When the PlayStation Vita’s relatively low price point was unveiled at E3 2011, many were surprised that such a technologically sound handheld could launch for so cheap, especially when compared to its at-the-time-similarly-priced-competitor in the Nintendo 3DS. A handheld with near PS3 graphics and quality games for as little at 249.99? Sounds like a dream come true, except for one catch. Expensive memory cards.
In order to keep costs down Sony had to sacrifice certain aspects of the Vita, namely, internal memory. Like with the PSP, Sony will be manufacturing propriety memory cards for the PS Vita, though the costs are staggering and you will be ripped off. There are four different memory cards, each with their own ridiculous prices:
- 4GB Card – 2,200yen/$29,
- 8GB Card – 3,200yen/$42
- 16GB Card – 5,500yen/$72
- 32GB Card – 9,500yen/$124
With Sony promising that digital versions of PSP titles will be able to be played on the Vita, as well as taking a more aggressive stance in digital distribution, it is shocking that Sony would charge so much for the memory cards. The price point will be a significant barrier of entry if Sony is attempting to push digital distribution with the handheld.
On a more positive note, Sony has also heard the pleas of gamers agitated by lengthy firmware updates. While PS3 updates are nowhere as tedious as they used to be, they can still impede many just trying to play a quick game or two.
“It’s very annoying when you only have one hour in your busy life to play a game, and when you have to spend thirty minutes out of that one hour to update the hardware, so it’s not necessarily the frequency of how we update, it’s the intrusiveness of the current process we have on PS3 and PSP. I cannot talk about specific plans, but we are very aware of the issues, and we’d like to address those issues on PS Vita.”
The above quote comes from Shuhei Yoshida, Sony’s President of Worldwide Studios, also known as the man who doesn’t recommend importing the Vita. Yoshida has always been very transparent in the past when discussing Sony’s mistakes, so hopefully Sony is taking an active stance when attempting to cut down the amount of time it takes to update the Vita.

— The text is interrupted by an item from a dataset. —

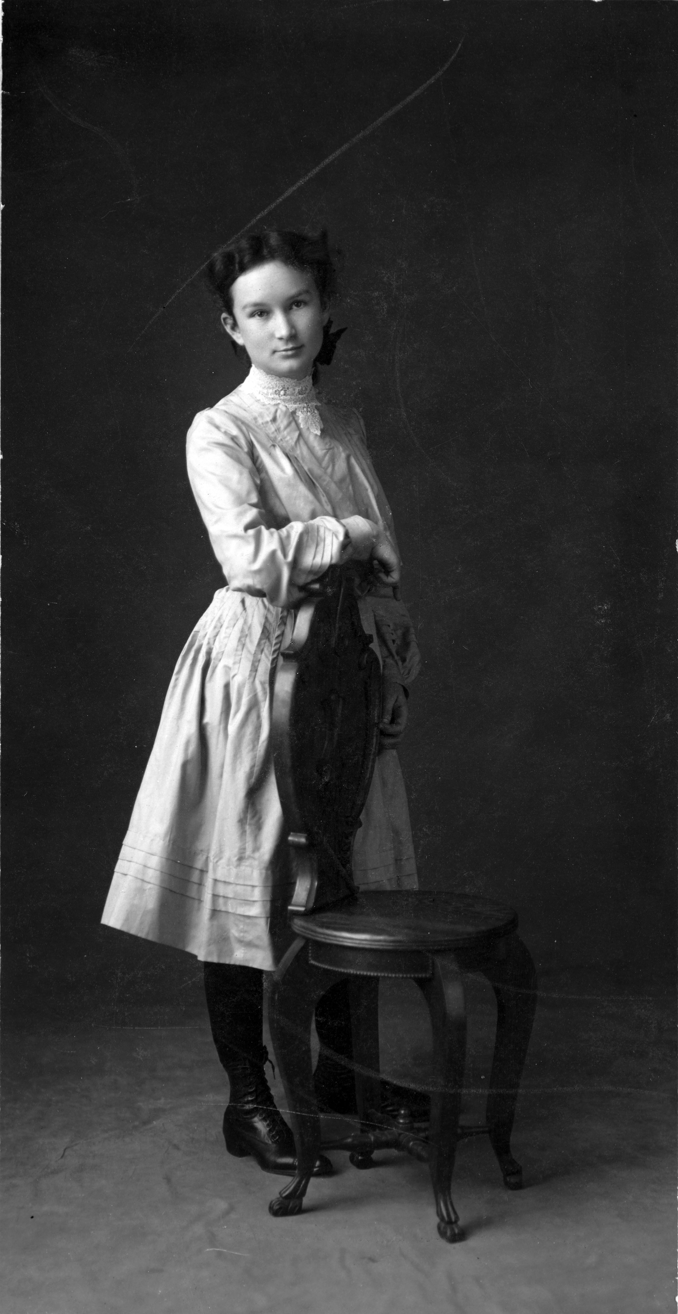 Y: 1905? D: 6-9: four lg. pics of schumaker daughters (doris, beth, adele, helen) C: doris schumaker; wsc home ec. specialist; never married; no children synthesis of COMMENTS for all 4 photos, 6-9: my [eloise mckay ruud] cousin; parents: carrie pangborn, john schumaker; meat market/butcher, of palouse & ballard; grandparents: howard pangborn, alice eliz. pratt pangborn her father, john schumaker, made money as a butcher in palouse - moved to Ballard --- bought a piece of city property; lease money supported the family; we visited them during the world fair; alaska [?]. [spelling of name in eloise mckay ruud comments is sometimes schumacher]

The Vita has a lot of good going for it: a great line up of games, impressive hardware and the bonus that it is region free; it would be a shame if the memory card issue were to be a huge detriment to the system’s success. Hopefully Sony will lower memory card prices by the time the handheld leaves Japan.
The PlayStation Vita will release in Japan on December 17th, 2011, word of a North American or European release date will come “soon,” according to Sony.